Echinocandins exhibit better tolerability than amphotericin B and azoles [96]. The most common adverse effects of echinocandins include infusion-related reactions such as rashes and flushing [97]. Although fever is particularly common with caspofungin, it may be alleviated by reducing the infusion rate [98]. Mild elevations in hepatic aminotransferases and alkaline phosphatase can also occur due to caspofungin but are typically asymptomatic and reversible [99,100].

7. Drug–Drug Interaction

Drug–drug interactions can occur through different mechanisms, resulting from either pharmacokinetics or pharmacodynamics. Antifungal agents interact with a variety of drugs. Some common antifungal drug–drug interactions are discussed below.

7.1. Pharmacokinetic Interaction

Pharmacokinetic interactions arise when one drug alters the pharmacokinetic processes of another drug, including absorption, distribution, metabolism, and excretion. Most clinically relevant interactions involve drug metabolizing enzymes and transporters such as CYP and P-gp. The mechanism of drug–drug interactions is illustrated in Figure 2. CYP3A4 is the most abundant drug-metabolizing enzyme in the gut and liver [101,102,103], with inter-individual variability largely explained by genetic polymorphisms [102]. In contrast, P-gp expressed on the apical membrane exports substrates out of the cell [104].
Additionally, drug–drug–gene interactions should be considered when planning a treatment strategy [105,106]. Genetic variations exist in drug-metabolizing enzymes and transporters. Thus, the extent of drug interactions varies according to genetic polymorphisms, even when patients receive the same victim–perpetrator combination.

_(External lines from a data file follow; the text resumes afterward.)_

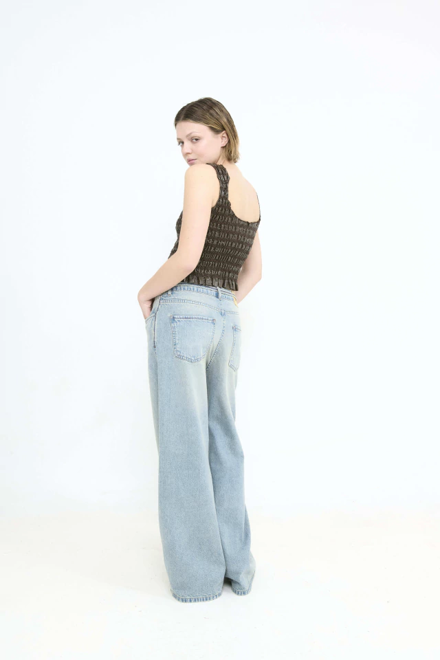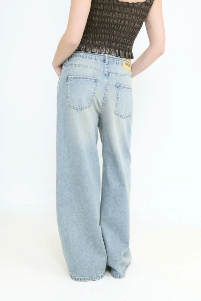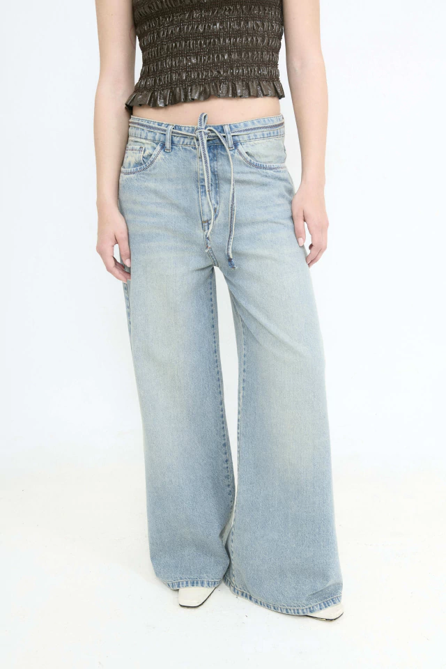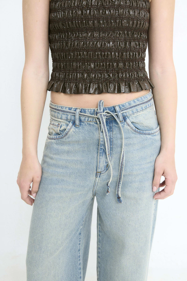 Pantalón denim celeste fit oversize con detalle de bordado en zigzag chocolate en los bolsillos delateros y traseros. Incluye una tira denim opcional para ajustar la cintura con bordado zigzag chocolate.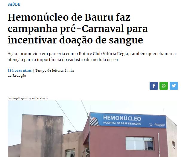 Jcnet: Hemonúcleo de Bauru faz campanha pré-Carnaval para incentivar doação de sangue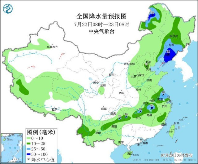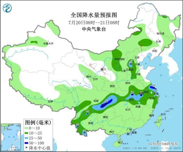 圖1 全國降水量預(yù)報圖(7月20日08時-21日08時)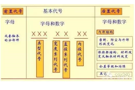 GB/T272—93规定了滚动轴承代号的构成及表示方法。 滚动轴承代号由前置代号、基本代号和后置代号构成,其代表内容和排列的顺序,见下表。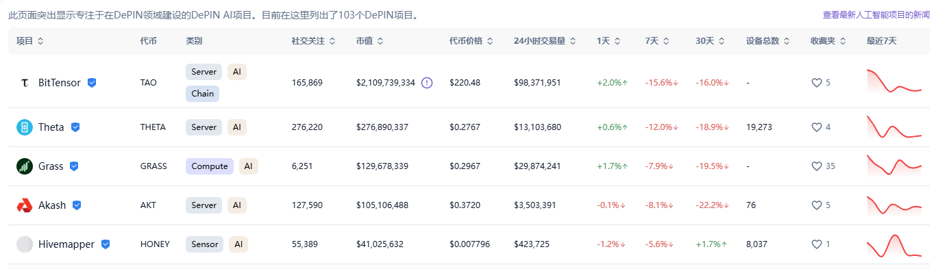 DePIN AI赛道,来源DePINscan
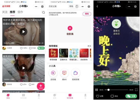 小年糕以中老年人制作影集的刚需作为产品核心,横向切入老年视频、送祝福、做mv、视频剪辑、圈子等功能,充分满足了中老年人对视频的多种需求。通过中老年人不断自主分享视频使得除前期推广外,裂变获客近乎0低成本;而由于中老年人对亲情友情极其重视和分享视频的习惯被培养起来后,0成本的激活唤醒便成为自然。

For example, a common interaction between tacrolimus and voriconazole results from the inhibition of CYP3A4 metabolism [106,107,108,109]. This effect is more pronounced in carriers of CYP2C19 loss-of-function alleles, since CYP2C19 polymorphisms strongly influence voriconazole clearance [110,111].
Azole antifungals are particularly problematic in clinical practice because they inhibit multiple CYP isoenzymes and P-gp [74,112,113]. The addition of azole antifungals leads to a sustained increase in the co-administered victim drug concentrations. Unlike other antifungal classes, since azoles are often administered for weeks, even moderate inhibition can accumulate over time. Consequently, azoles are recognized as “high-risk perpetrators” of drug–drug interactions and require therapeutic drug monitoring or careful dose adjustment as needed.
Although azole antifungals inhibit CYP enzymes and transporters, their targets vary among the individual agents (Table 4). Itraconazole is a strong inhibitor of CYP3A4 and P-gp [114,115]. Additionally, a metabolite of itraconazole (14-hydroxyitraconazole) is an equally potent CYP3A4 inhibitor [115]. Meanwhile, voriconazole is recognized as a substrate and inhibitor of CYP2C9, CYP2C19, and, to a lesser extent, CYP3A4 [67]. The extent of this interaction depends on the plasma concentration of voriconazole. The extent of interaction depends on plasma voriconazole concentration; tacrolimus exposure increases markedly when voriconazole levels exceed 2.0 µg/mL [116]. Fluconazole is a moderate inhibitor of CYP2C9, CYP2C19, and CYP3A4 [117].

7.1.1. Opioids

The pharmacokinetics of opioids, such as oxycodone and fentanyl, involve CYP3A4 metabolism [118]. Consequently, azole antifungals interfere with oxycodone metabolism [119]. The co-administration of voriconazole increases the risk of oxycodone-induced somnolence [120]. In contrast, the inhibition of CYP3A4 slightly affects fentanyl when administered intravenously [121]. This is because fentanyl clearance depends primarily on hepatic blood flow rather than CYP activity. Thus, the administration route produces variations in drug–drug interactions between opioids and azole antifungals.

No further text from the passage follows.